Astigmatism and Presbyopia

Astigmatism is the refractive condition in which the refracting power of the eye differs in different meridians — the eye cannot form a point focus; instead, parallel light is focused as two separate line foci separated by the interval of Sturm. The most common cause is an asymmetrically curved cornea (the cornea is steeper in one meridian than the perpendicular meridian, like a rugby ball rather than a football), though the crystalline lens also contributes (lenticular astigmatism). Unlike myopia and hypermetropia, which produce uniform blur at a given distance, astigmatism causes blurring and distortion at both distance and near simultaneously, because no single plane can bring both meridians to focus at the same point on the retina. Patients may describe monocular ghosting, shadow images around letters, or difficulty reading fine print even with distance spectacles. Astigmatism is extremely common and frequently coexists with myopia or hypermetropia.
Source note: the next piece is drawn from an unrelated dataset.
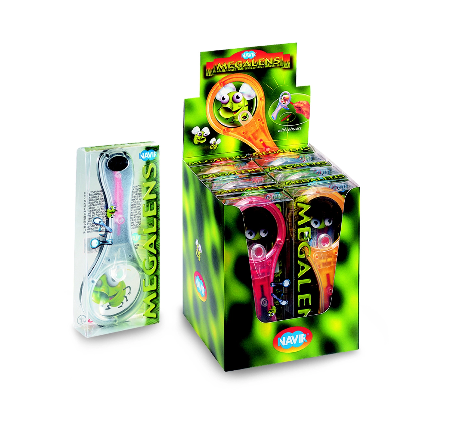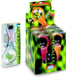 Praktično povećalo od ekološke ABS plastike s ugrađenom drugom lećom idealno je za male istraživače od 6 godina. Zahvaljujući dršci koja se otvara poput kompasa, povećalo se može udobno položiti na stol i koristiti bez držanja u ruci. Unutar drške nalazi se i odvojiva pinceta za jednostavno rukovanje sitnim predmetima. Velika leća 60 mm, mala leća 13 mm, povećanje 3× i 7×, ekološki materijal, mješavina boja.
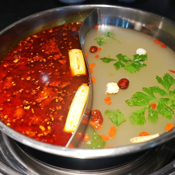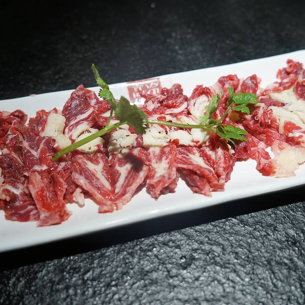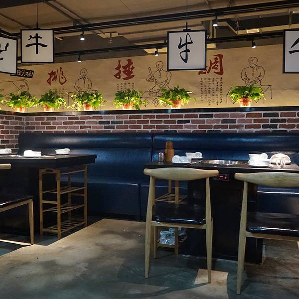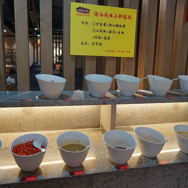 作为牛油火锅的忠实迷妹,还是有些许抗拒清清淡淡的潮汕牛肉火锅,总觉得没有红油的火锅,欠了几分味道,也少了几分尽兴。即使在广州生活了四年,也没有尝试过一次潮汕火锅。但近来,西安潮汕火锅的兴起,还是散发出了不可抗拒的吸引力,不由的好奇没有了火辣的拥吻,潮汕火锅又应该品些什么呢?位于曲江,他们家在金鹰商场,曲江地方比较难停车,所以很少来这边约饭。金鹰商场可能是新建的,有免费停车18个小时的福利,也不需要消费小票什么的,很方便。地下停车场直接搭乘电梯到4楼,出口右手边就可以看到这家店,门面很大,也比较好找。看到他们家的锅底有鸳鸯锅的选择,所以果断选择了鸳鸯,36元的锅底,价格也比较实惠。清汤是用牛骨熬制而成,里面应该还有参类,开吃前,盛了一碗清汤,撒上一把芹菜末,品尝一下汤品的原汁,淡淡的参味,搭配上浓郁的骨香,重新刷新了清汤火锅的认知,着实不错。辣味锅稍显逊色,可能是吃惯了醇厚的牛油火锅,他们家的火油比较少,所以口感也稍微清寡一些,味道也有些淡。自助式酱料台,听说,牛肉火锅跟沙茶酱是绝配,然而吃不惯沙茶酱的我也是没有做尝试。旁边还有一些免费的小吃和水果提供。拿到菜单的时候,还是被震撼到了,一般火锅店的肉类标配:肥牛羊肉,到了这里变为了吊龙、雪花牛肉、脚趾肉、牛舌、牛百叶等等,不由得佩服潮汕人,确实吃得精,而且每一个部位的肉,涮煮时间也有不同,对时间也是做了明确的规定的。这吃法,确实震撼~第一次吃,这么多的选择摆在面前,也是犯了难。于是只好看着网上大家的推荐来点餐了,选择了最多人点的吊龙、牛筋丸、牛腩,操作台透明玻璃,工序一览无余,工作人员在档前刀起刀落,运刀如风,娴熟的切肉。吊龙肉质很嫩,三起三落,大概13秒的涮肉时长,肉质偏肥一些。牛筋丸的味道确实地道,在鲜嫩的牛肉中,加入了一些嫩筋,嚼劲十足。牛腩中规中矩,煮久一点口感更佳。

The clinical significance depends on its degree and type — a small regular astigmatism is easily corrected with a cylindrical spectacle lens, while irregular astigmatism (from corneal scarring or keratoconus) cannot be corrected with standard spectacle lenses and requires rigid contact lenses or surgery.

Provided image

Regular astigmatism (most common, correctable with cylindrical lenses): the two principal meridians (steepest and flattest) are perpendicular to each other.
- With-the-rule (WTR) astigmatism: the vertical meridian is steeper than the horizontal — corrected with a minus cylinder at 180° (or equivalently, a plus cylinder at 90°). This is more common in young individuals.
- Against-the-rule (ATR) astigmatism: the horizontal meridian is steeper — corrected with a minus cylinder at 90°. More common with advancing age.
- Oblique astigmatism: principal meridians lie at oblique angles (not at 90° or 180°).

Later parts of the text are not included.